# LA Scoring strings (or any) Setup outputs for each section.



## WestonGuidero (Mar 27, 2018)

I like having each instrument section in it's own kontakt instance. (Basses on one, vln on one, etc.)..

How should I go about routing my outputs for them? Say I have only Bass Spicattos that I'm playing all at once (A,B,C sections all playing at once). Should I route them all to one output and turn the volume fader down super low in my DAW? To keep things more simple. 

Or should I route them to their own outputs even though they are all playing at the same time (Section A is output 1, B out 2, C out 3)? 

Question 2: Should I re-sequence each bass spicattio section-ie: record Bass spiccato A, then record Bass Spiccato B, then C sections to add realism?


----------



## Saxer (Mar 28, 2018)

There's no 'should' or 'shouldn't'. I like to keep things simple and I don't know why I would need different outs for the bass sections. I would treat the outputs the same way anyway. Exception might be special effects like splitting the basses for different musical tasks (bass melody over pizz, pizz doubled with spicc, stacc attacks layered to long notes). Normally I would spread the pan a bit directly in Kontakt for all sub-sections.
Most of the time I just copy midi data from one track to the next if I have sub-sections. Extra midi performance sometimes help to blur runs or ostinatos but mostly I want it tight. Depends on the music.


----------



## WestonGuidero (Mar 28, 2018)

Saxer said:


> There's no 'should' or 'shouldn't'. I like to keep things simple and I don't know why I would need different outs for the bass sections. I would treat the outputs the same way anyway. Exception might be special effects like splitting the basses for different musical tasks (bass melody over pizz, pizz doubled with spicc, stacc attacks layered to long notes).

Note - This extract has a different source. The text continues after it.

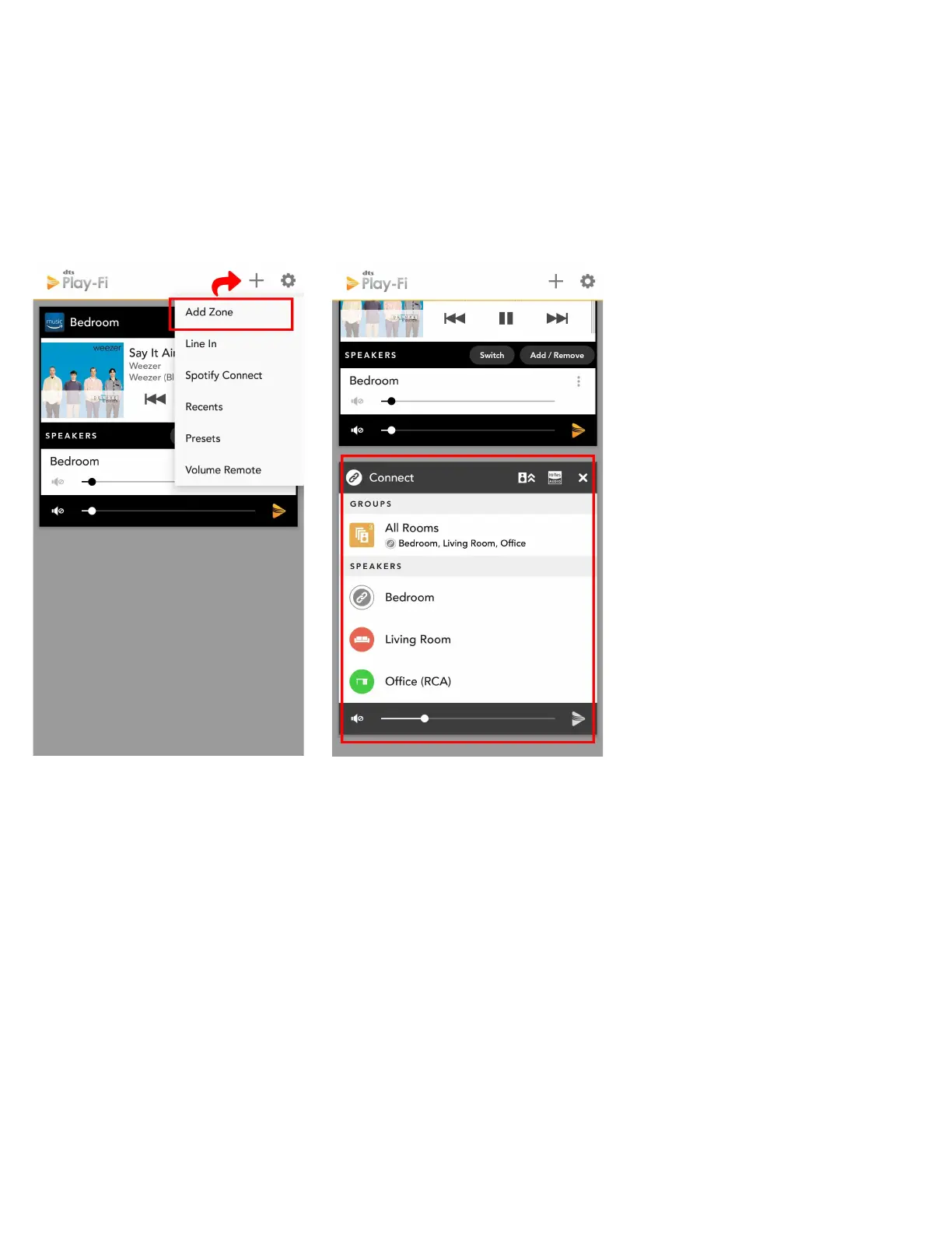 Play-Fi Start screen, where you can easily manage each Zone.

Normally I would spread the pan a bit directly in Kontakt for all sub-sections.
> Most of the time I just copy midi data from one track to the next if I have sub-sections. Extra midi performance sometimes help to blur runs or ostinatos but mostly I want it tight. Depends on the music.


Thanks. Yeah I figured the "all staccato bass sections to one output" type of idea seems more logical to me. Which is what I'm doing now. I know there are no definite answers. Just wanted to see if this has any disadvantages to it. Like a high output, etc. Totally know what you mean about the blurring of lines, just thought I wasn't doing enough haha. Thank you for the help.


----------